RECORDS SHOWN START

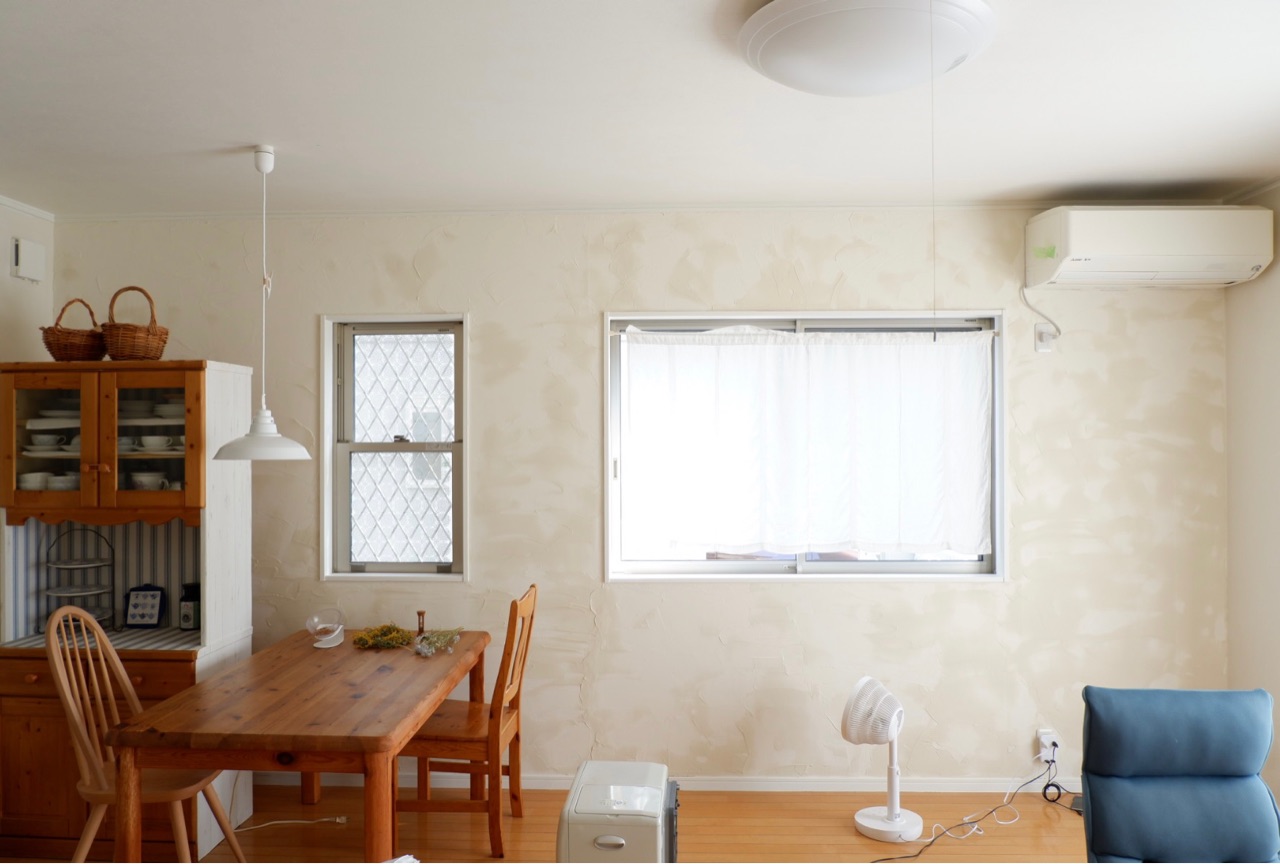 ダイニングからリビングの1面にペンキではなくて漆喰を塗ってみました♪
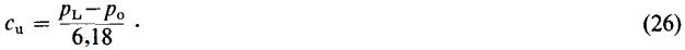 Недренированную прочность грунта на сдвиг можно оценить по предельной несущей способности, определенной по результатам измерений при нагрузке плоским штампом с использованием уравнений (5) и (8), представленных в первой части статьи [1]. Марслэнд и Рэндольф [2] определяли этот параметр полутвердой лондонской глины по результатам штамповых испытаний с использованием следующего соотношения:
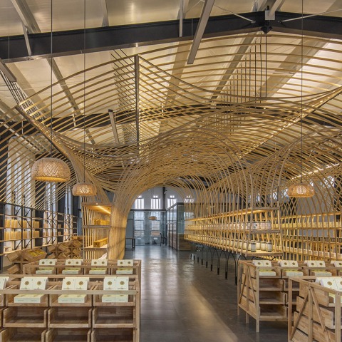 The bending of thin panels obtains stress that enhances structural stability. Each wooden panel elements with a different curvature is an "arched" stress unit. The "arched" units anchor each other, with the bottom ends reaching the display stands. Therefore, the physical structure of these elements is also the form of force transmission. It is a structural element and also a functional component of display furniture. The modulus of display shelves fits into the varied sizes of agricultural products, and the structural components function as display shelves as well. The timber elements are extended and "suspended" under the portal steel frames, producing a natural atmosphere in the existing space.
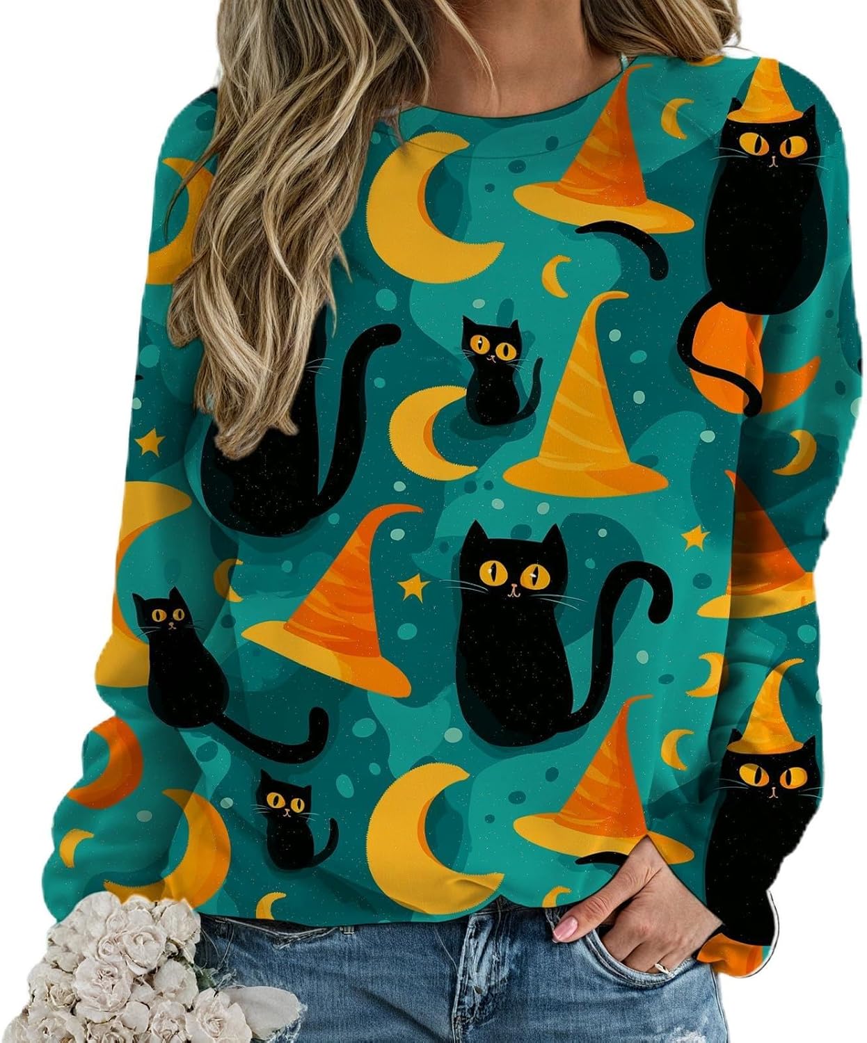 Novelty Halloween Shirts for Women Trendy Graphic Print Long Sleeve Crewneck Fall Tops Loose Casual Pullover
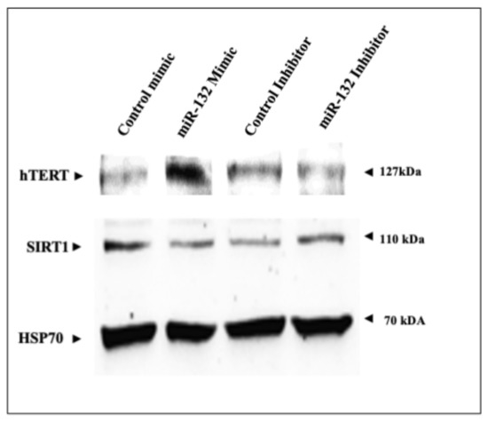 To establish whether changes in SIRT1 and hTERT mRNA levels detected by qRT-PCR were correlated with parallel changes in protein levels, HEK293T cells were transfected with miR-132-3p mimics or inhibitor for 24 h, after which, total protein was isolated and SIRT1 and hTERT levels were measured by Western blots. Results obtained indicate that SIRT1 levels in mimics-transfected cells were lower than in control cells (Figure 4). On the other hand, SIRT1 levels were higher in miR-132-3p inhibitor-transfected cells. hTERT expression levels in miR-132-3p mimic-transfected cells were higher than in controls, while levels in miR-132-3p inhibitor-transfected cells were lower than in controls. These results indicate that changes in SIRT1 and hTERT protein levels upon miR-132-3p manipulation correlate with SIRT1 and hTERT mRNA expression.
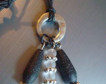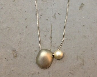 collar lago con dos cuencos, plateado mate y grafito, calma del rio, joyeria minimalista, collar de piedra zen, regalo para meditar,mama zen
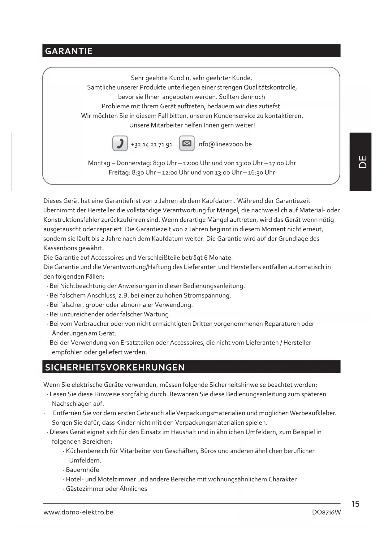 - Das Gerät ist nur auf den privaten Gebrauch ausgelegt. Der Hersteller ist nicht verantwortlich für Unfälle, die als Folge von unsachgemäßem Gebrauch des Geräts oder Nichtbefolgen der in dieser Anleitung aufgeführten Regeln entstehen.17 DO8716W www.domo-elektro.be
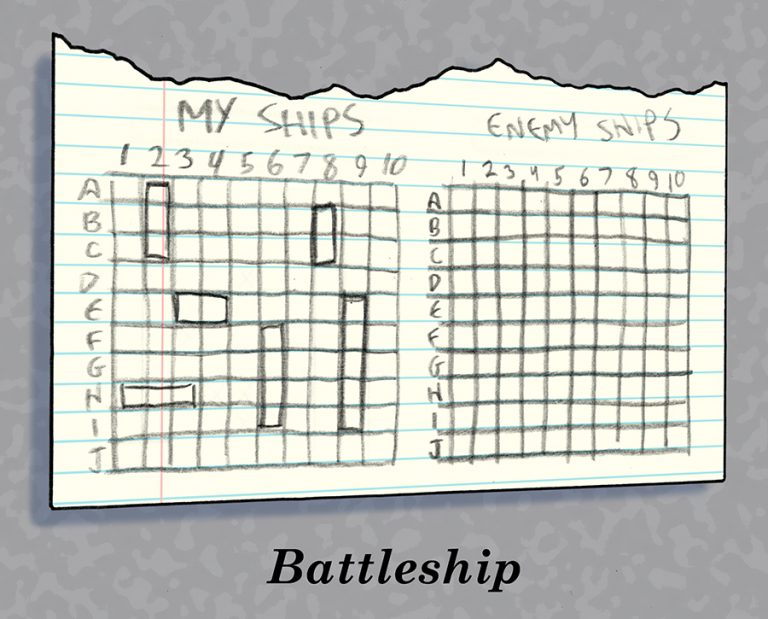 The classic board game (turned terrible movie) actually got its start as a pencil and paper game. The old-school version has the advantage of not needing those annoying little pegs or a manufactured game board, making starting a spontaneous showdown, or playing in the car on a long road trip, much easier.
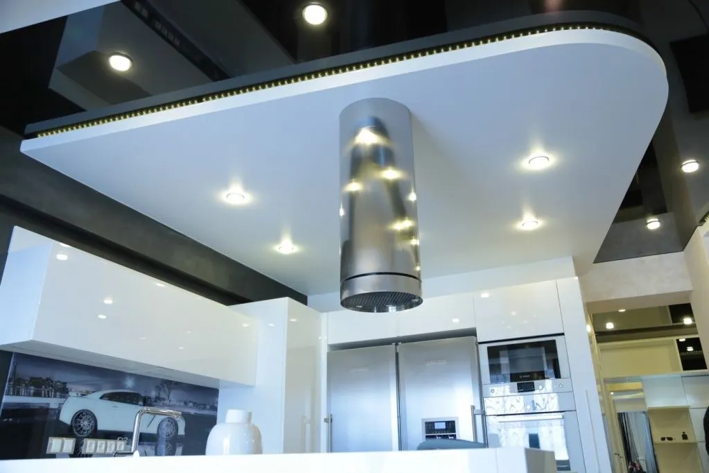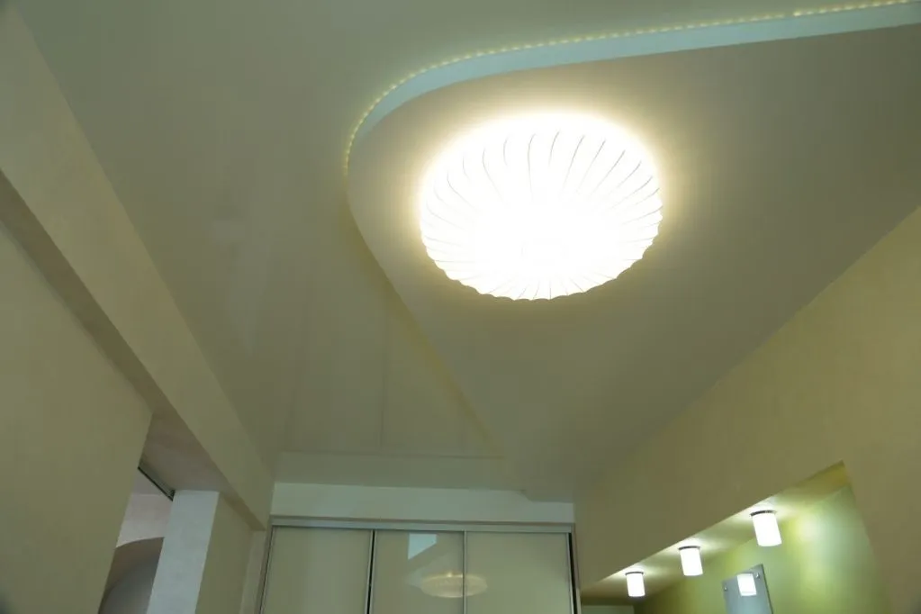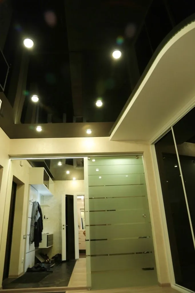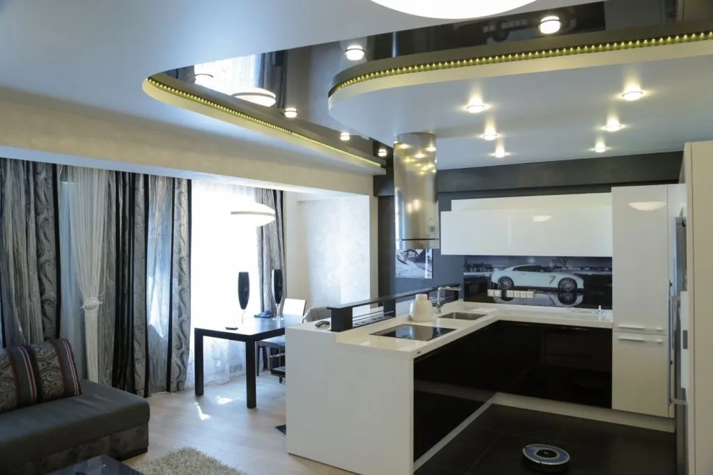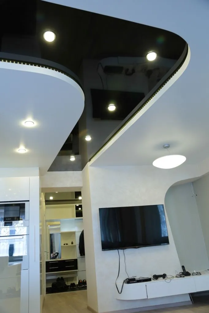 Основной концепцией послужила идея объединения пространства прихожей, гостиной и кухонной зоны. Основным объединяющим элементом выступил потолок, плавно объединяя разные пространства и указывая направление движения. Плавные линии и сдержанность цвета, уравновешивают друг друга.
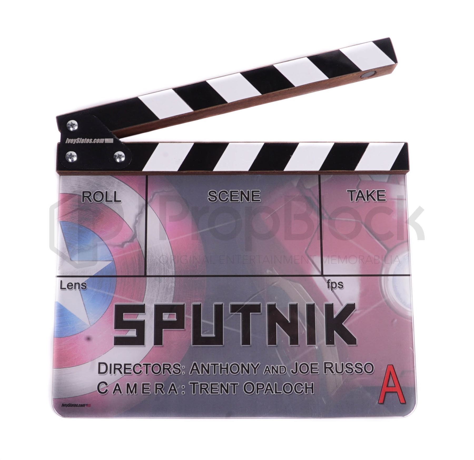 Clapperboard given out to select members of the cast and crew after filming of the Marvel superhero film Captain America The Winter Soldier. This crew clapperboard features a white acrylic slate featuring the films codename along with information such as the director and DP. The clapper features a wooden black and white clapper on the top. This item remains in excellent, production made condition.
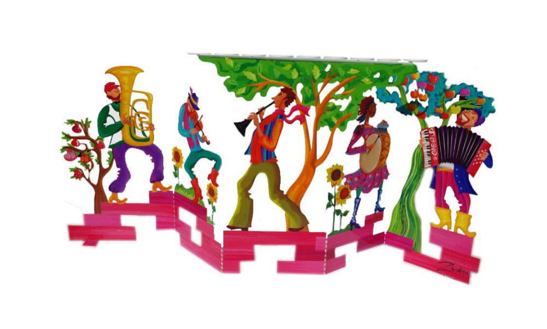 קווים לדמותן: חנוכיות מתכת בצבעוניות משמחת, מיוצרות בחיתוך לייזר ומשלבות נימה הומוריסטית שמעלה חיוך.

RECORDS SHOWN END

WHAT TO WORK ON — Exact repeats of the lines from the first one in the data through the line containing "Недренированную прочность грунта" make up the answer. Pictures do not.

TASK OUTPUT —
 ダイニングからリビングの1面にペンキではなくて漆喰を塗ってみました♪
 Недренированную прочность грунта на сдвиг можно оценить по предельной несущей способности, определенной по результатам измерений при нагрузке плоским штампом с использованием уравнений (5) и (8), представленных в первой части статьи [1]. Марслэнд и Рэндольф [2] определяли этот параметр полутвердой лондонской глины по результатам штамповых испытаний с использованием следующего соотношения:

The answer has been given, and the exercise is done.